With French Onion Soup on my mind, I thought a fun deviled egg would be a riff on this soup. Obviously it is not going to be hot, but I brought in the key elements to just give that hint of French Onion Soup. They are not only stunning to look at, but the richness of the caramelized shallots with a touch of bourbon and the cheesy crouton on top just brings the whole experience together. This would be perfect with your favorite French Champagne for a decadent culinary experience on a Friday Night. I bet you can guess what we are having this week for Friday Night Bites. Smile.
French Onion Soup Deviled Eggs
¼ Cup + 1 Tablespoon Mayonnaise
¼ teaspoon Salt
1 teaspoon Yellow Mustard
3 Large Shallots
2 Tablespoon Butter
½ teaspoon Sugar
1 teaspoon Bourbon
12 Half inch cubes French bread
12 Half inch squares of Gruyere Cheese
Use a large sauce pan and fill with cold water about 4 inches. Add a teaspoon of salt to the water and the 8 eggs. Note: Best to use eggs that are about 5 to 6 days old versus fresh. Heat on high until it begins to boil. Leave for 1 to 2 minutes then turn off the heat and cover with a lid. Let stand for 15 minutes. Remove the eggs and place into cold water for 3 to 4 minutes. One at a time, lightly tap the egg against a hard surface and hold egg under running water to make it easy to peel. Repeat the process until all eggs are peeled.
With a sharp knife, cut each egg in half lengthwise. Carefully remove each yolk and add to a bowl. Break up the yolks with a fork and add the mayonnaise, ¼ teaspoon salt and yellow mustard. Stir until creamy and smooth. Add to a piping bag and pipe into the center of each egg. If you don’t have a piping bag, you can spoon into each egg.
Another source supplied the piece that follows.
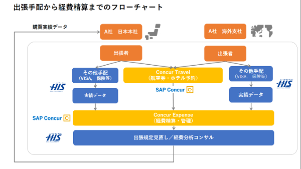 H.I.S.へ法人契約のある企業様が日本と海外に法人を持ち、各社別々の経費管理の体制だった場合、コンカー社のシステム(SAP Concur)を日本と海外で繋ぐことで、国内外のグループ全体で情報を共通化し、得られるデータを統一し、更なるガバナンス強化を図ることが可能となります。まずは、日本においてグローバルに展開する企業の戦略パートナーとして、国内外のソリューションビジネスの拡大を目指してまいります。
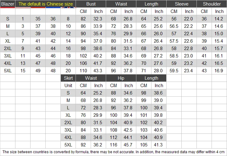 The size between countries is converted by formula, there may be not accurate.

Set in the refrigerator until ready to top with the French Onion mixture.
Remove the outer layer of each shallot and slice each one into thin rings. In a skillet, add the butter and let melt over medium heat. Add the sliced shallots, sugar and a bit of salt and pepper to taste. Let cook for about 7 to 12 minutes over medium heat until they are caramelized. Add the bourbon and let cook for another minute or two until the alcohol burns off. Set aside to cool.
Turn the broiler on high and toast the bread cubes until light golden brown. Next top each one with a bit of the Gruyere and let sit under the broiler until melted. Remove and let cool.
Top each deviled egg with a bit of the caramelized shallots and then top with the cheesy crouton.